I’m not very familiar with storage, especially with those from NetApp. I know what they have in their portfolio (at least some of it). But for example how to setup such storage devices correctly you’ll catch me on the wrong foot. But anyway. If it’s setup then there is mostly only the daily business which includes also troubleshooting from time to time. And i had recently a small troubleshooting issue. I received mails from a storage controller at a customer that there is something wrong with the filesystem because a disk is broken. Well, good to receive such mails in the middle of the night from Saturday to Sunday…
I had to call the NetApp support because i wasn’t sure if NetApp AutoSupport worked correctly. Before the phone call i tested it via the OnCommand System Manager, and AutoSupport worked fine. So then i called NetApp support to ask if there is already a support case for the affected system. But there wasn’t. About 5 minutes later i had a newly created support case, a support case number, and the confirmation that the replacement disk is processed to be shipped the same day.
The disk arrived the next and i had to replace it. But this time the NetApp FAS mocked me. It didn’t show which disk is defective and thus should be replaced. There should a LED light up in orange, but it didn’t.
Let me show you how i solved this LED specific problem, and how i did the whole replacement process. I know, the NetApp experts among us will probably cry. But i’m not the storage pro, i did it step by step with some help of my good old friend Google 😉
1) Check Auto-Assign
Auto-Assign is a good feature as i think. If you have unowned disks on a stack, loop, or shelf, you can configure Data ONTAP to automatically assign disk ownership at the stack or shelf level. So let’s check if it’s enabled or not.
Open PuTTy (or an SSH client you like) and connect to the affected storage controller.
Login as root.
Enter “options disk” to check if Auto-Assign is ON or OFF.

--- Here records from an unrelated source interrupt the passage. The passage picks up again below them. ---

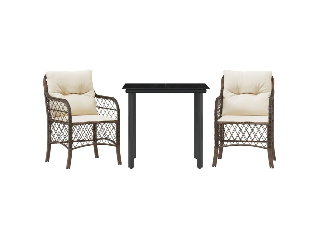 3dílný bistro set s poduškami hnědý polyratan 3212117
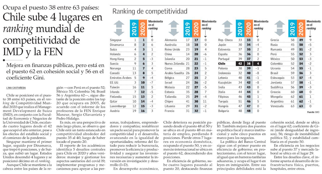 Pese a crisis social, Chile sube a lugar 38 en Ranking de Competitividad Global - (Pulso)
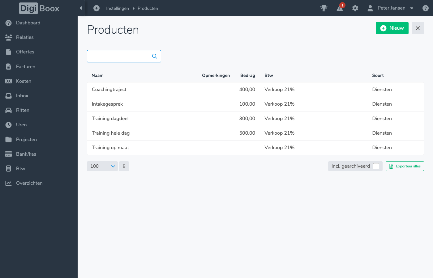 Veelgebruikte producten, goederen en diensten kunnen in DigiBoox worden opgeslagen. Bij een volgende factuur, kun je direct het product kiezen. Omschrijving, prijs, btw-percentage en bedrag worden dan automatisch ingevuld.
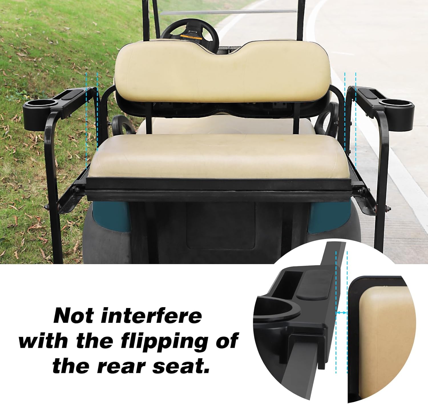 - Universal Compatible: for 1" square frame or 1.25" square frame golf cart, Universal fitment for EZGO/Club Car/Yamaha golf cart with rear seat kit. ( Note: This golf cart armrest will not interfere with the flipping of the golf cart rear seat; AND NOT fit for any golf cart with round bar or frame. )
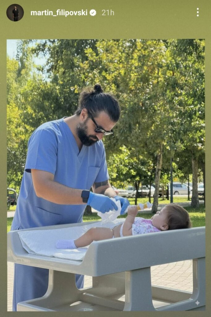 На сликата која ја објави Мартин на Инстаграм, тој ѝ менува пелена на својата ќерка, и се гледа колку е среќен и посветен татко.

You should see something similar to this
If Auto-Assign is OFF you can enable it with “options disk.auto_assign on“.
If you like you can check if Auto-Assign now really is on if you enter “options disk” again.

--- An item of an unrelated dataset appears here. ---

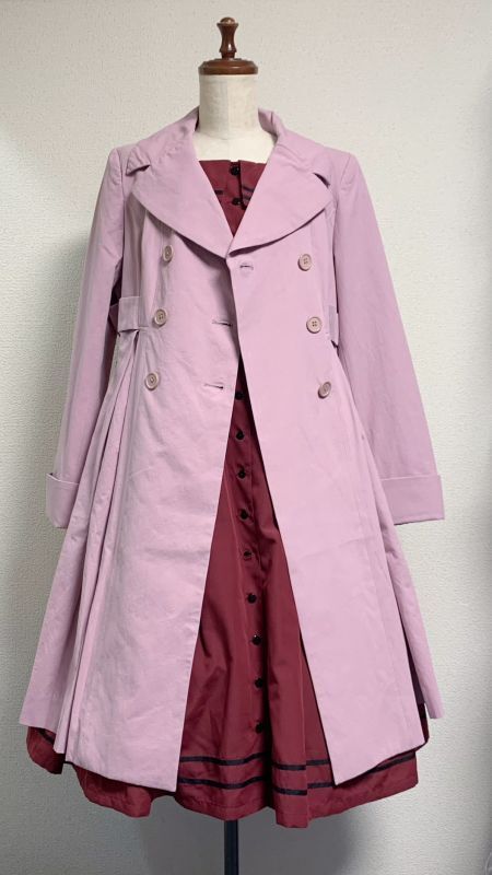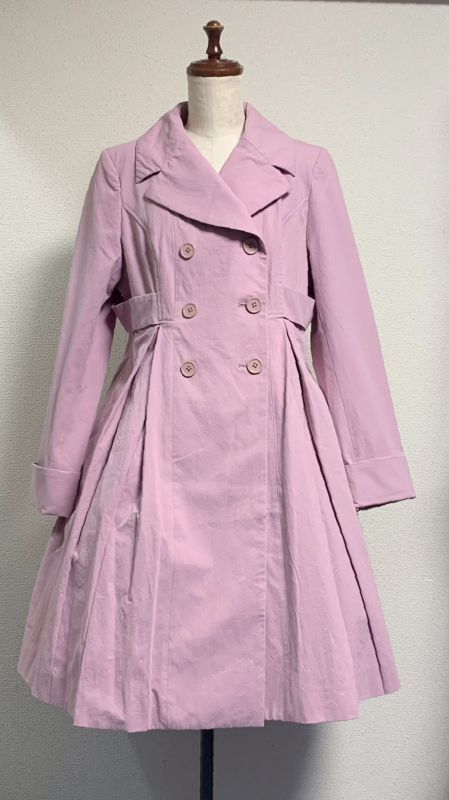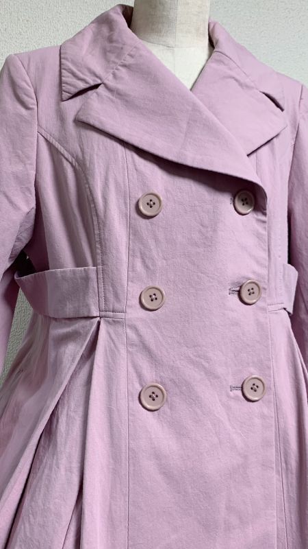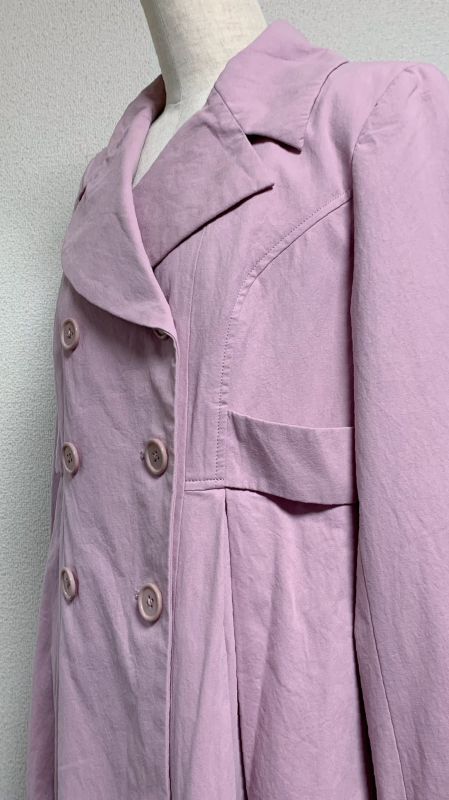 ダブルボタンコート カジュアル【無地ラベンダーピンク】

2) Light up the LED of the broken disk
I assume you’re still connected with your storage controller.
In the next step we enable the diagnostics mode. We need that to activate the LED.
Enter “priv set diag” to enable diagnostics mode.
Now we need to find out which disk is defective. Enter “aggr status -f” to find out. You should see something similar to this:
Now let’s light up the LED! Enter “led_on Disk_name” (=> “led_on 0a.00.23” in this example) to get the light on.
Now you should see the orange LED light showing up. Now you know which disk is broken and want’s to be replaced.
3) Replace the broken disk and assign it as spare
I assume you’re still connected with your storage controller. One last thing is to do.
After you replaced your disk, check if the disk is recognized by the controller and probably owned on a stack, loop or shelf.
Enter “disk show -n” to get the needed information.
You should see something similar to this:
DISK OWNER POOL SERIAL NUMBER HOME
-------- ------------- ----- ------------- ------
2c.01.13 Not Owned NONE 3QQ2xxxxxxxxxxxxBQT4
You now know that there is a disk waiting for duty.
Enter “disk assign 2c.01.13” (where 2c.01.13 should be replaced with your current disk name) to assign it.
In my specific case the disk was assigned as spare, because the spare was automatically set as an active disk to replace the broken one.